Solution: $T(1)=x^2p'(1)+\int_0^x p(1)dt=x=1\times 0+1\times x\cdots x^n\times 0$

$T(x)=x^2p'(x)+\int_0^x p(x)dt=x=1\times 0+0\times x+\frac{3}{2} x^2\cdots x^n\times 0$

$T(x^2)=x^2p'(x^2)+\int_0^x p(x^2)dt=x=1\times 0+0\times x+0\times x^2+\frac{7}{3}x^3\cdots x^n\times 0$

So first three column of the matrix of transformation is:

$\begin{pmatrix}0&0&0&\cdots\\1&0&0&\cdots\\0&\frac{3}{2}&0&\cdots\\0&0&\frac{7}{3}&\cdots\\\cdots&\cdots&\cdots\\\cdots&\cdots&\cdots\end{pmatrix}$

clearly, $a_{32}=\frac{3}{2},a_{33}=0$.

2nd option is correct.

17. A linear operator  $T$ on complex vector space  $V$ has characteristic polynomial  $x^3(x-5)^2$ and minimal polynomials  $x^2(x-5)$.
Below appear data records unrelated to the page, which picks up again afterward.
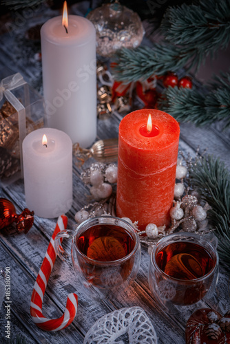 A couple of burning candles and glass cups of tea. Still life composition with christmas decoration on rustic background 7
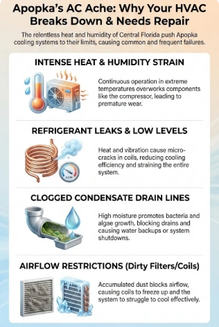 Most HVAC breakdowns in Apopka share a common origin: delayed maintenance meeting relentless climate demands.
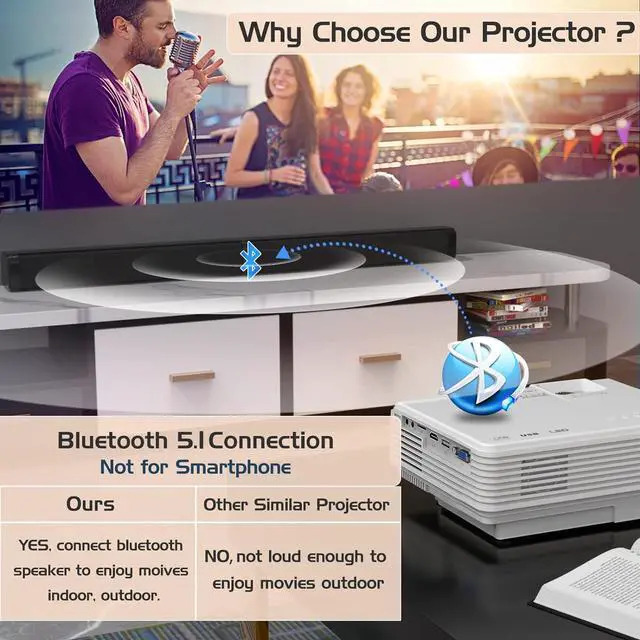 Projector with Bluetooth & Upgraded SpeakerIt is a Bluetooth Projector. You can wirelessly pair with your bluetooth speaker, headphones, soundbar anytime and anywhere. It is a mini projector with bluetooth, you can hook up external speakers, the sound is greatly enhanced and the sound is theater quality. Also, the built-in stereo surround speaker is good enough to enjoy the pleasure sounds in different scenes, if you don't want to add another speaker.
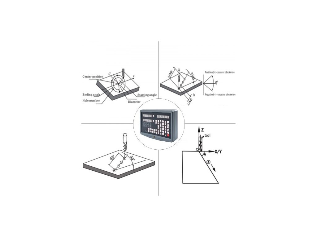 Vstupní signál: TTL obdélníkový EIA-442, Frekvence vstupního signálu: 100 kHz, Klávesnice: Citlivá na tlak, Životnost: Pět milionů opakování, Délka kabelu lineárního odečtu: 3 m/10 stop na kus, Osa: 2 osy, Displej: 8 číslic, Rozlišení: 5 μm/0,0002" při 20 °C
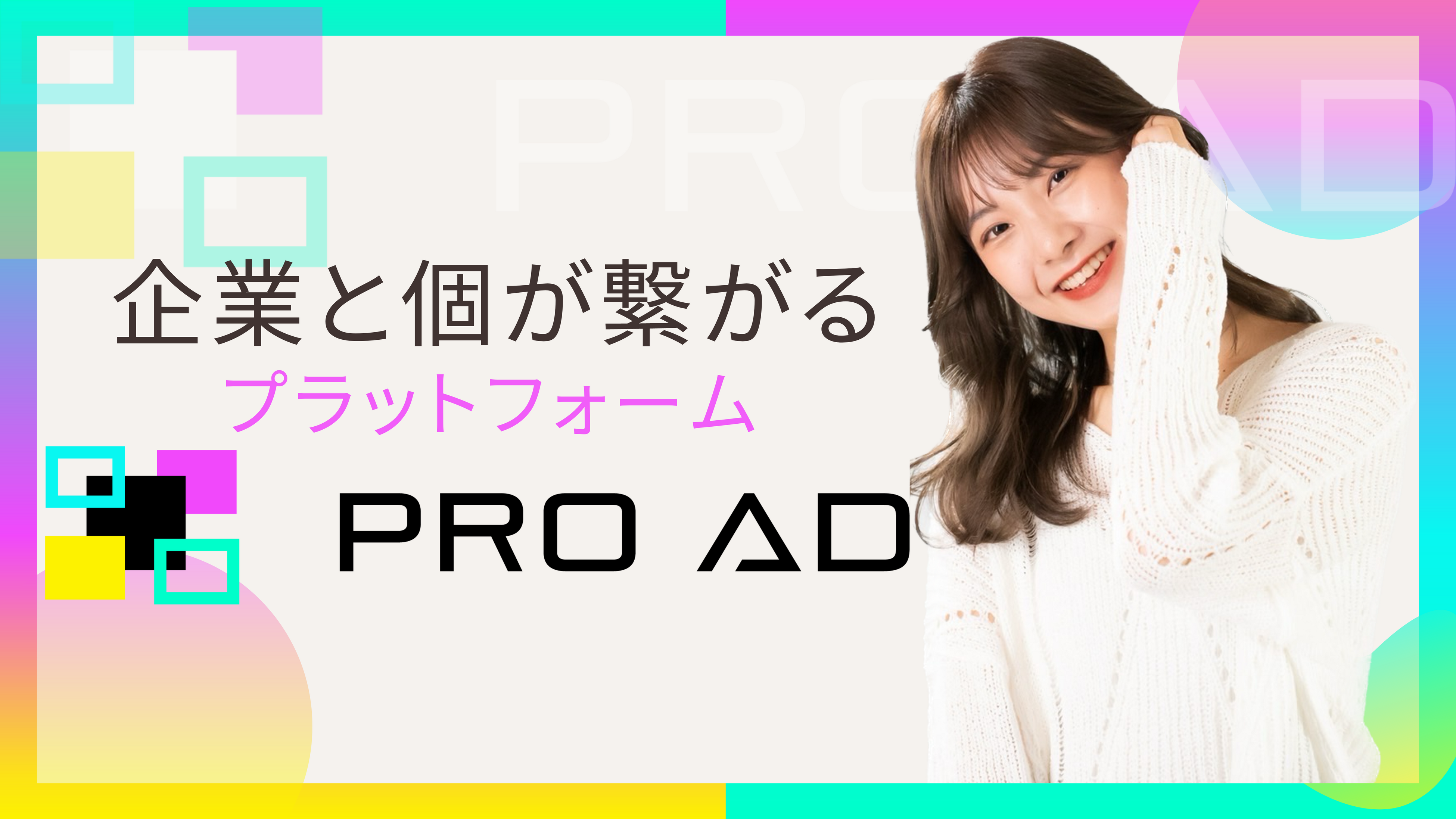 活躍の場拡大を目指し、イベント/オーディション情報や求人、、SNSPR案件の掲載において企業と個人のマッチングを図るプラットフォーム『PRO AD』(プロアド)をリリースしました。登録インフルエンサー1,000人超え、総フォロワー数1,000万人超えのエンタメ業界に特化したプラットフォームです。

Choose all correct options.

• The Jordan form of  $T$ is uniquely determined by the given information.
• There are exactly  $2$  Jordan blocks in the Jordan decomposition of  $T$.
• The operator induced by  $T$ on the quotient space  $V/\ker (T-5I)$ is nilpotent, where  $I$ is the identity operator.
• The operator induced by  $T$ on the quotient space  $V/\ker (T-5I)$ is scaler multiple of the identity operator.

Solution:

Minimal Polynomial is =$x^2(x-5)$.

SO, Jordan canonical form is:

$\begin{pmatrix} 0&1&0&0&0\\0&0&0&0&0\\0&0&0&0&0\\0&0&0&5&0\\0&0&0&0&5\end{pmatrix}$

It's unique upto order of Jordan blocks.

Since, From minimal polynomial It is clear that there exists a Jordan block of order $2\times 2$ corresponding to $0$. So, $1$ zero which is remaining can occur in only 1 way. Similar argument for $5$.

Now, since all eigenvalues of the operator induced by  $T$ on the quotient space  $V/\ker (T-5I)$ is $0$

So, It is Nilpotent.

So, $1$ and $3$ options are correct.